Egypt: If the state is concerned about its image during the UPR, it should focus on preventing human rights violations rather than preventing violations from being exposed

In Egypt /Road Map Program, Statements and Position Papers by CIHRS

CIHRS Egypt director Mohamed Zaree files request to public prosecutor to attend UPR

Mohamed Zaree, director of the Egypt Program at the Cairo Institute for Human Rights Studies (CIHRS) and banned from travel by the Egyptian government since 2016, filed a request  on November 7th with the public prosecutor and the Cairo Appeals Court to travel, for one time, to Geneva to participate in the UN Universal Periodic Review (UPR) of Egypt’s human rights record this month. Zaree has yet to receive a response to his request.

“The UPR is an important instrument for improving the human rights situation in the country…. The state must permit independent rights defenders critical of Egypt’s human rights record to travel,” Zaree said. “That is, if the state wants to constructively engage with the UPR, rather than attending the session and going back to violating human rights as if nothing happened.”

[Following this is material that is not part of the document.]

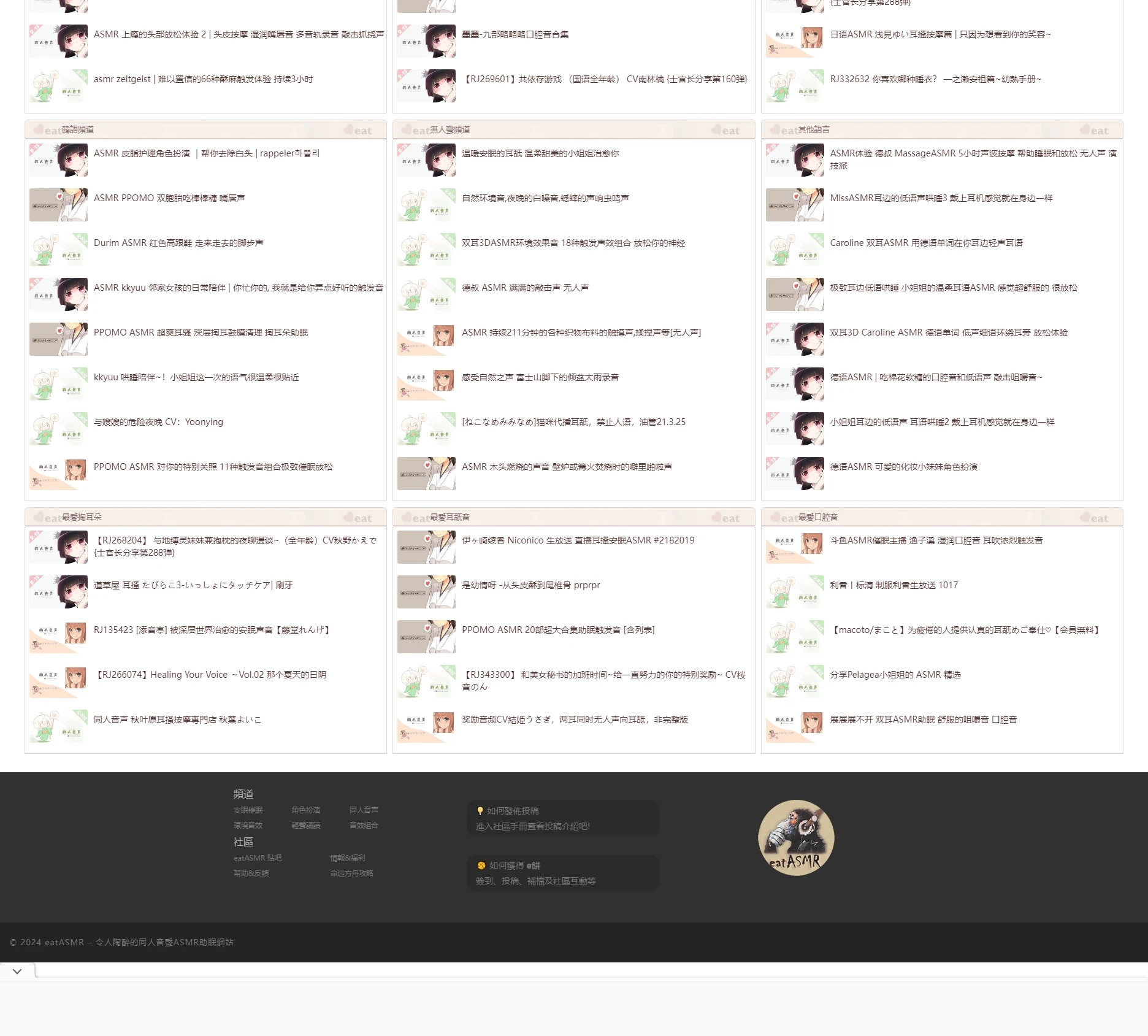 eatASMR 是一个以 ASMR 内容为核心的多功能社区网站,旨在为用户提供放松、减压的音频与视频资源,同时打造一个互动性强、主题明确的兴趣交流平台。网站不仅汇集了海量高质量的 ASMR 资源,还通过社区功能连接了拥有相同兴趣爱好的用户,形成一个紧密联系的用户群体。

Regrettably, Egypt under the helm of President Abdel Fattah al-Sisi has no record of engaging constructively in any international human rights mechanism. Quite the opposite, over the last five years the Egypt has engaged in intimidation and reprisals against independent human rights defenders who cooperate with UN instruments. Most recently, rights defender Mohamed al-Baqer was detained for submitting a report to the UPR on Egypt’s violations of the rights of Nubians.

Mohamed Zaree himself has faced reprisals from the Egyptian state for cooperating the UPR. A year after being banned from travel in May 2016 by Hisham Abdel Meguid, the judge in case no. 173 of 2011 (known as the Foreign Funding Case), Zaree was summoned for questioning on charges of receiving funds from foreign bodies with the purpose of spreading false news in order to threaten state security.   The CIHRS report submitted for Egypt’s second UPR in 2014, to which Zaree contributed, was among the items cited by the judge as “evidence” of the charges. He was released on LE30,000 bail. Most recently, Zaree’s personal assets were frozen by the tax authority a few months ago.  Although he filed an appeal of the measure, no hearing has yet been scheduled to consider it.

In July 2019, Mohamed Zaree and other human rights defenders filed a challenge to the travel ban orders before the South Cairo Criminal Court, 15th circuit of the same court that acquitted 43 staff members of American and German organizations in the first part of case no. 173 of 2011 on foreign funding. Although the same circuit quickly issued a judgment in the first part of the case (dealing with foreign or international organizations) and acquitted the defendants after two hearings in over just three months, it has yet to take meaningful action in the second part of the case (dealing with Egyptian organizations), with the court repeatedly adjourning the appeal of the travel bans against Egyptian rights defenders for lengthy periods between every hearing. For foreigners such cases are quickly adjudicated, but for Egyptians citizens the process is protracted interminably, with no end in sight.  The next hearing is scheduled for 17 November.

The travel bans and asset freezes are part of a wider, unprecedented offensive against independent human rights groups by the Egyptian state under President Abdel Fattah al-Sisi. Some organizations have shut down, either by state decree or because of asset freezes. This crackdown, however, “will not silence” human rights defenders, Zaree said:

“No matter what the state does to impede the work of defenders—even if it shuts down all human rights organizations in the country—its human rights abuses speak for themselves and cannot be hidden. If the state is concerned about its international image, it should respect human rights rather than repressing those who expose abuses.”